Documented in meerva.sim.brn

#======================================================================================================
#======= meerva.sim.brn_210503.R                                                               ========
#======================================================================================================
#' Simulate logistic Regression Data with Measurement Errors in Outcome and Predictors 
#'
#' @description 
#' The meerva package is designed to analyze data with measurement error when there is a 
#' validation subsample.  The merva.sim.brn function generates a simulated data set for the 
#' logistic regression 
#' setting demonstrating the data form expected for input to the meervad.fit function.
#' This simulation function first generates 4 reference predictors based upon 
#' a multivariate normal distribution, with variance-covariance specified by the 
#' user.  The first two predictors are dichotomized to have probabilites specified 
#' by the user.  This results in two class and two quantitative reference predictor 
#' variables.  
#' The response variable may have a surrogate with 
#' differential misclassification error.  

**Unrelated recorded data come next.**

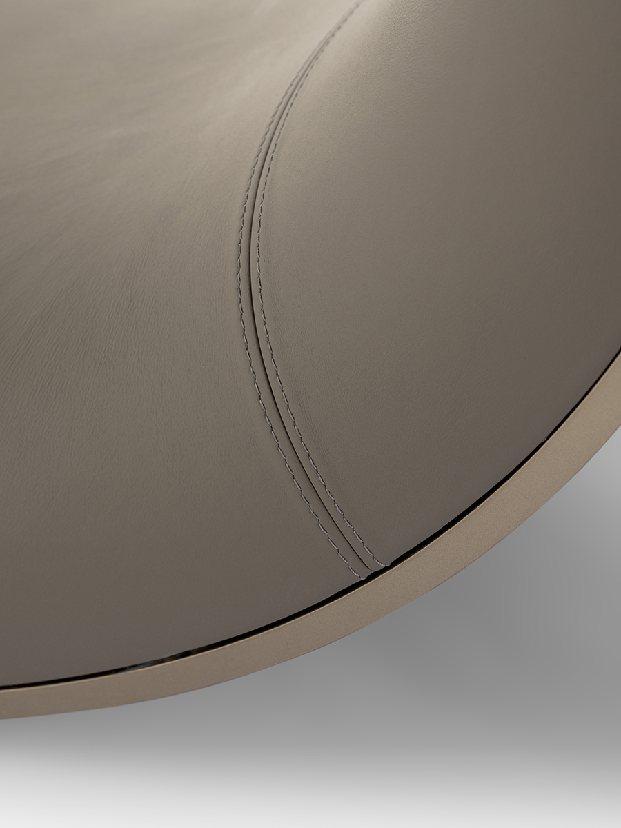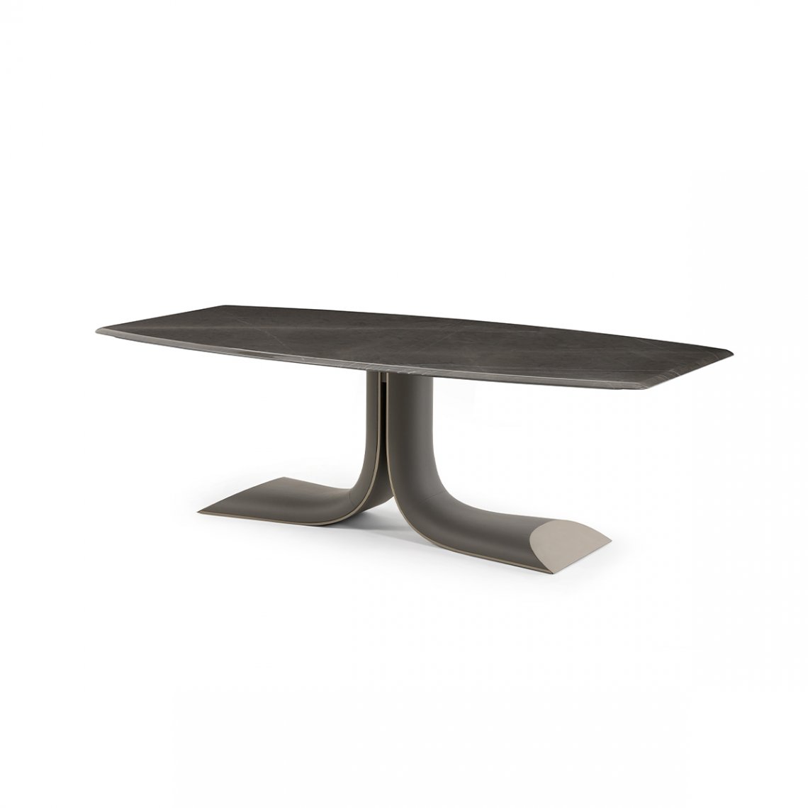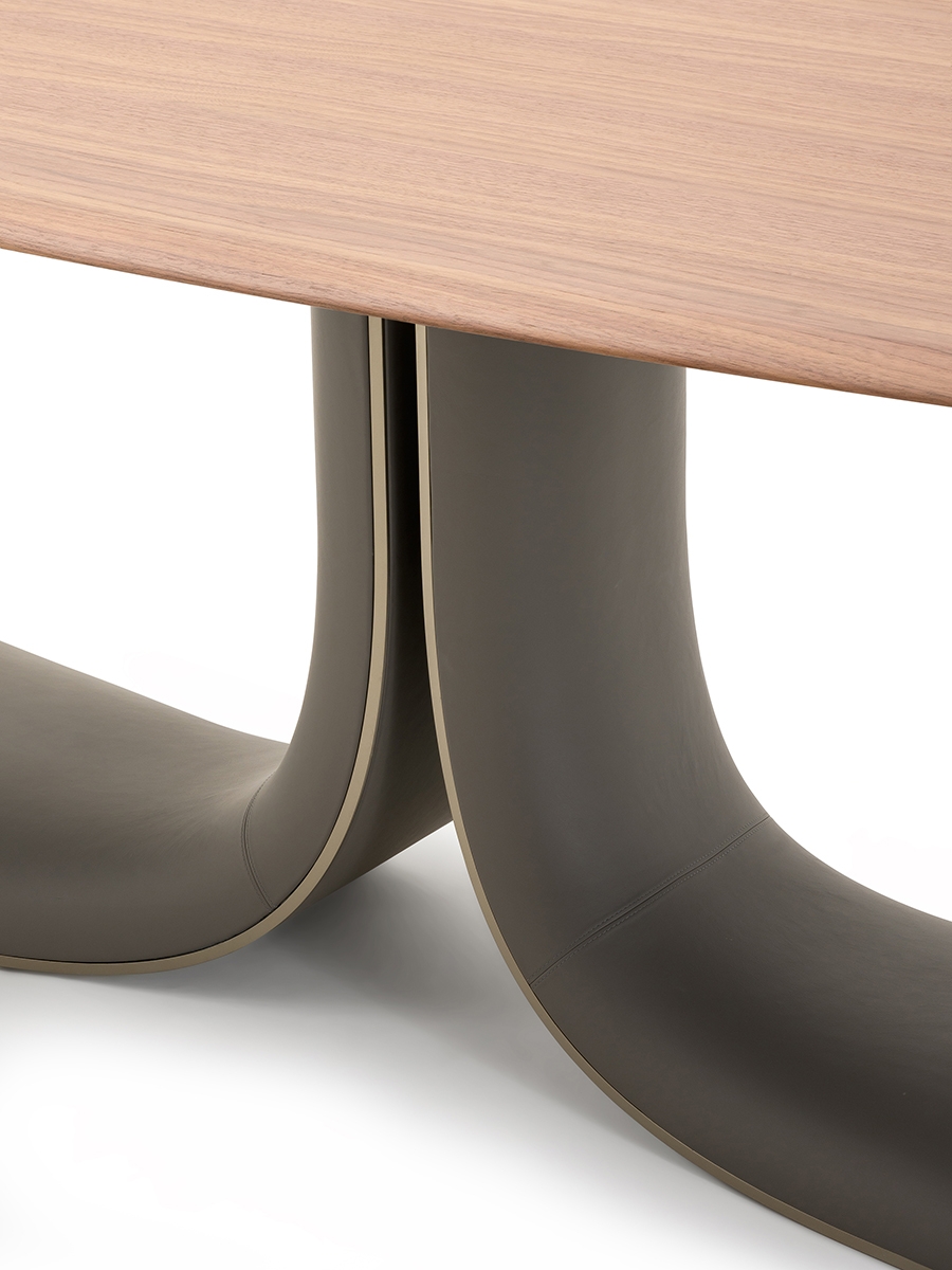 The table in the Soul collection has a soul and resides in the sinuous and elegant development of the central leg covered in leather. The deep and intense movement is interrupted on the surface, in a clear way. The slight flare towards the ground finds its counterpart in the narrowing of the support surface. The Soul table is available in different finishes as per sample card.
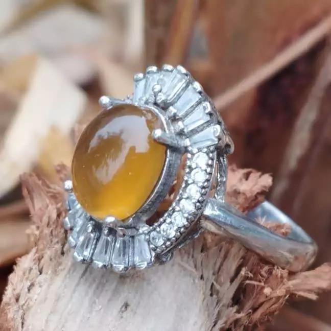 انگشتر نقره زنانه با نگین اتمی و آبکاری رادیوم .عقیق زرد عسلی صددرصد طبیعی .با ضمانت اصالت .برند دُرسیم
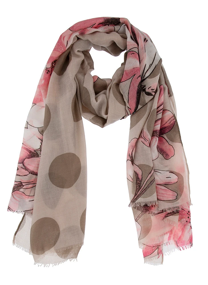 This soft scarf combines two of our favourite prints, spots and floral! Combined with a beautiful colour palette for an easy to wear piece for day-to-day wear.
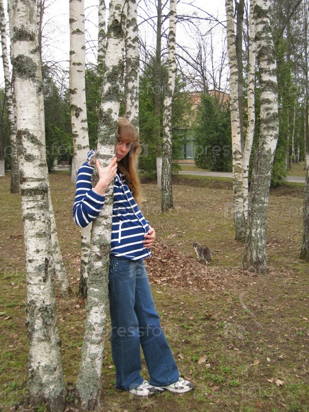 Молодая беременная девушка среди берез
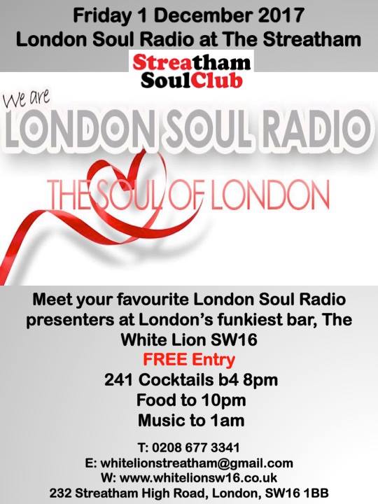 On Friday 1 December 2017 you can meet your favourite London Soul Radio presenters at London’s funkiest bar, The White Lion SW16!
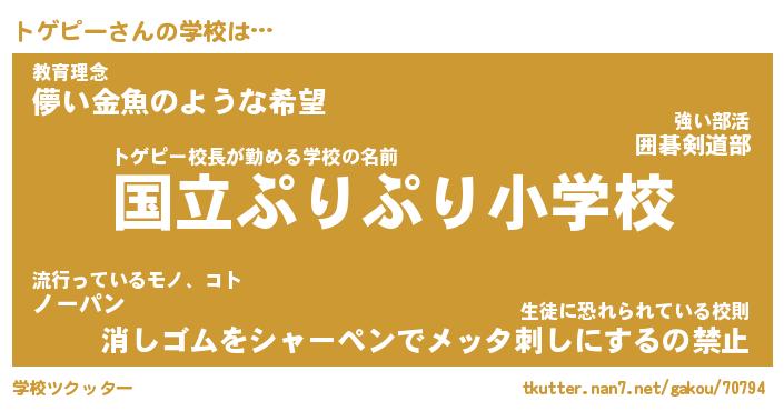 | ピコ太郎風あだ名 | 『トコ六郎』『ピト四郎』『トゲ六郎』 |
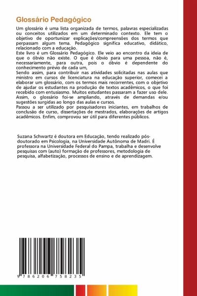 Um glossário é uma lista organizada de termos, palavras especializadas ou conceitos utilizados em um determinado contexto. Ele tem o objetivo de oportunizar explicações/compreensões dos termos que perpassam algum tema. Pedagógico significa educativo, didático, relacionado com a educação.Este livro é um Glossário Pedagógico. Ele veio ao encontro da ideia de que o óbvio não existe. O que é óbvio para uma pessoa, não é, necessariamente, para outra, pois o óbvio é dependente do conhecimento prévio de cada um, Sendo assim, para contribuir nas atividades solicitadas nas aulas que ministro em cursos de licenciatura na educação superior, comecei a elaborar um glossário, com os termos mais recorrentes, com o objetivo de ajudar os estudantes na produção de textos acadêmicos, o que foi recebido com entusiasmo. Muitos estudantes passaram a fazer uso dele. Assim, o glossário foi-se ampliando, através de demandas e/ou sugestões surgidas ao longo das aulas e cursos. Passou a ser utilizado por pesquisadores iniciantes, em trabalhos de conclusão de curso, dissertações de mestrados, elaborações de artigos acadêmicos. Enfim, comprovou ser útil para diferentes públicos.
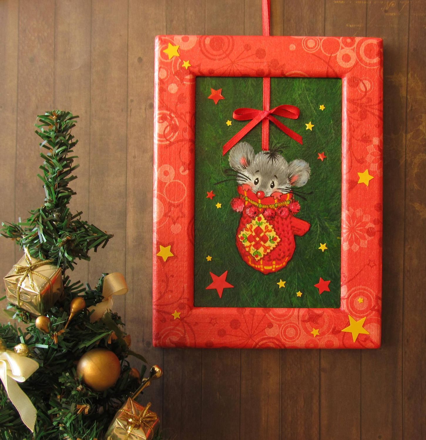 Esta opção pode ser considerada uma atualização de coisas antigas. Neste caso, a base é tomada em qualquer tela. Pintura antiga, placas de madeira, elementos de ferro ou vidro. Com a ajuda de tintas, miçangas, fios e outros materiais, a base é decorada.
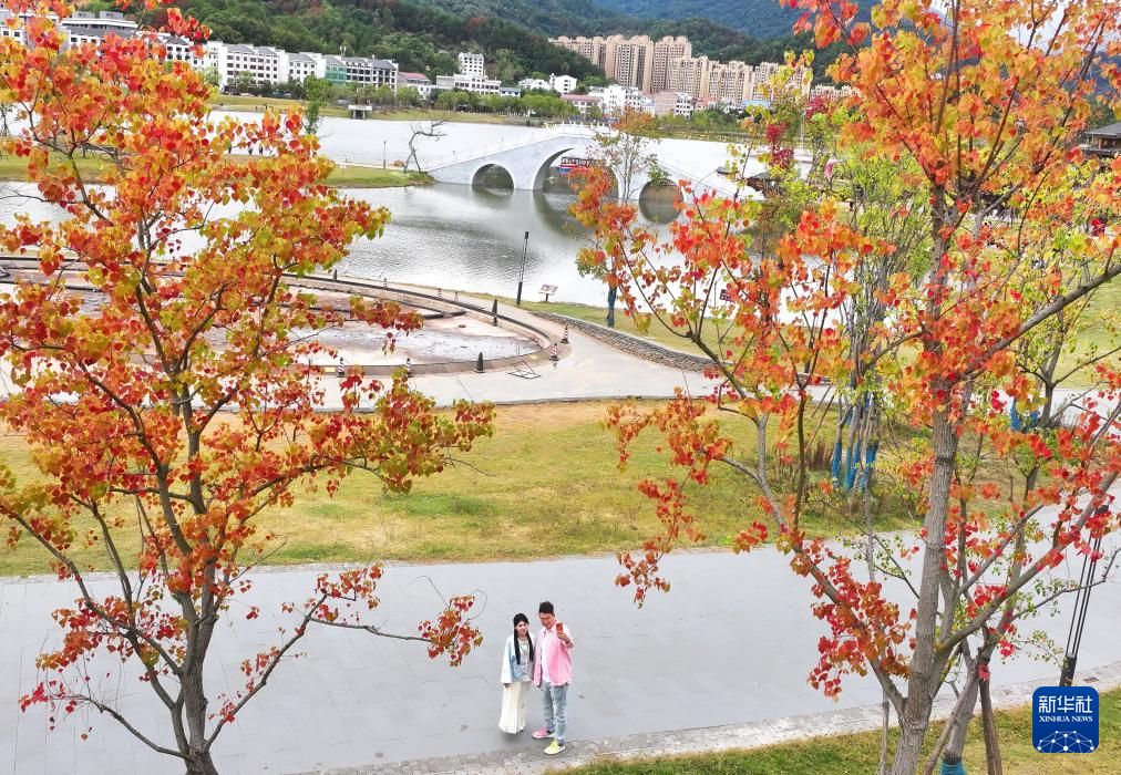 10月19日,人们在浙江义乌植物园赏景游玩。
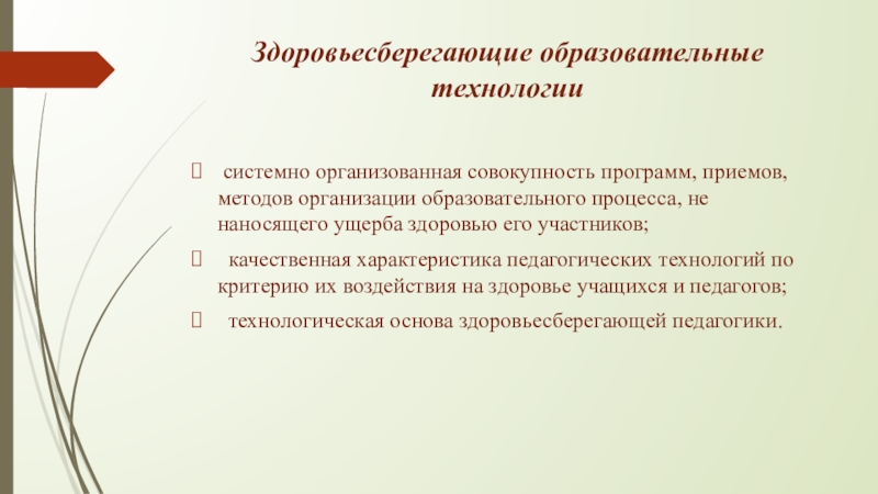 Здоровьесберегающие образовательные технологии системно организованная совокупность программ, приемов, методов организации образовательного процесса, не наносящего ущерба здоровью его
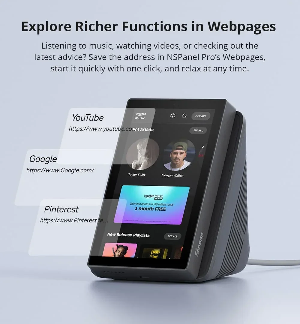 ฟังเพลง ดูวิดีโอ หรืออ่านคำแนะนำล่าสุด?บันทึกที่อยู่ในหน้าเว็บของ NSPanel Pro เริ่มต้นได้อย่างรวดเร็วเพียงคลิกเดียว และผ่อนคลายได้ทุกเวลา
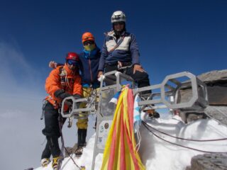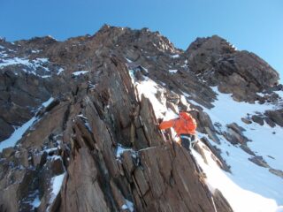 Dal Giordano al Balmenhorn in 10 cm di fresca della notte precedente all’attacco tutto da battere. Poco il tempo per acclimatarsi adeguatamente. Gli impianti se da un lato aiutano, per altri versi devastano. Ma il tempo per fare le cose con calma come una volta ai giorni nostri, abituati ormai a una vita sempre piu’ frenetica, non c’e’ piu’. Una linea perfetta, che conserva tutto il suo fascino di sempre, anche a ormai 33 anni di distanza dalla prima ascensione solitaria. Molta neve in cresta ma con rigelo ottimo, malgrado ad oggi e la roccia a prevalere rispetto ad allora, quando i ghiacciai all’epoca di roccia ne lasciavano affiorare porzioni ben piu’ ridotte. Il meteo anche stavolta dalla nostra parte, ci ha consentito di portare a termine in sicurezza e con gran soddisfazione quest’impresa dio tutto rispetto fin sul tetto della seconda montagna piu’ alta d’Europa, per una via tutto sommato non banale in ambiente severo, dove e’ meglio non farsi sorprendere dal maltempo. Quindi occhio..ben allenati..ben acclimatati e ottime capacita’ a muoversi in terreni che richiedono un abbondante sforzo fisico ,e una buona tenuta nel tempo. Viste le tante ore di permanenza in quota, all’istante ecco che tutto diventa piu’ difficile, anche il semplice scatto di una foto puo’ diventare problematico in certe situazioni.
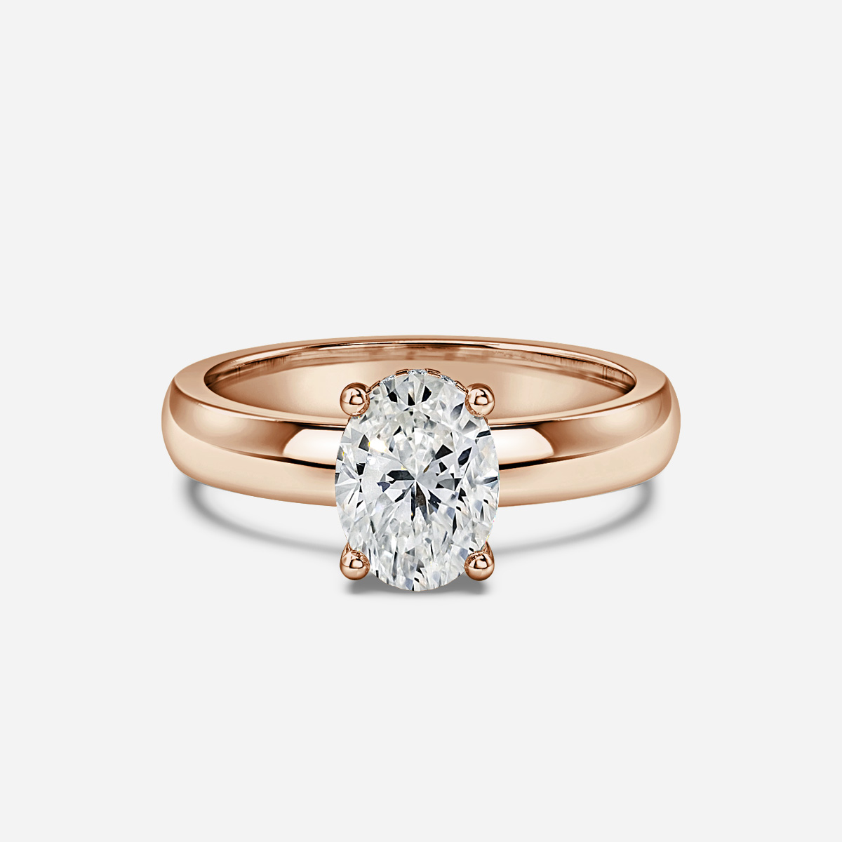 The Sky engagement ring is designed with a single diamond held in a four-prong setting, crafted in 18K rose gold. A hidden halo sits just below the centre stone, adding a soft sparkle that catches the light beautifully. Its thick polished band gives the ring a clean and modern look, making it perfect for someone who loves simple elegance with a touch of detail. Handcrafted by Flawless Fine Jewellery, Hatton Garden, London. Centre Diamond Not Included Setting only

#' There is one yes/no surrogate predictor variable involving error in place of 
#' one of the yes/no reference predictors, and one quantitative surrogate predictor 
#' variable involving error in place of one of the quantitative reference predictors.  
#' The simulated data are not necessarily realistic, but their analysis shows how 
#' even with rather strong measurement error the method yields reasonable solutions.   
#' The method is able to handle different types of measurement error without the user 
#' having to specify any relationship between the reference variables measured without 
#' error and the surrogate variables measured with error.    
#'    
#' @param n The full dataset size. 
#' @param m The validation subsample size (m < n). 
#' @param beta A vector of length 5 for the true regression parameter for the logistic  
#'   regression model with 5 predictors including the intercept.  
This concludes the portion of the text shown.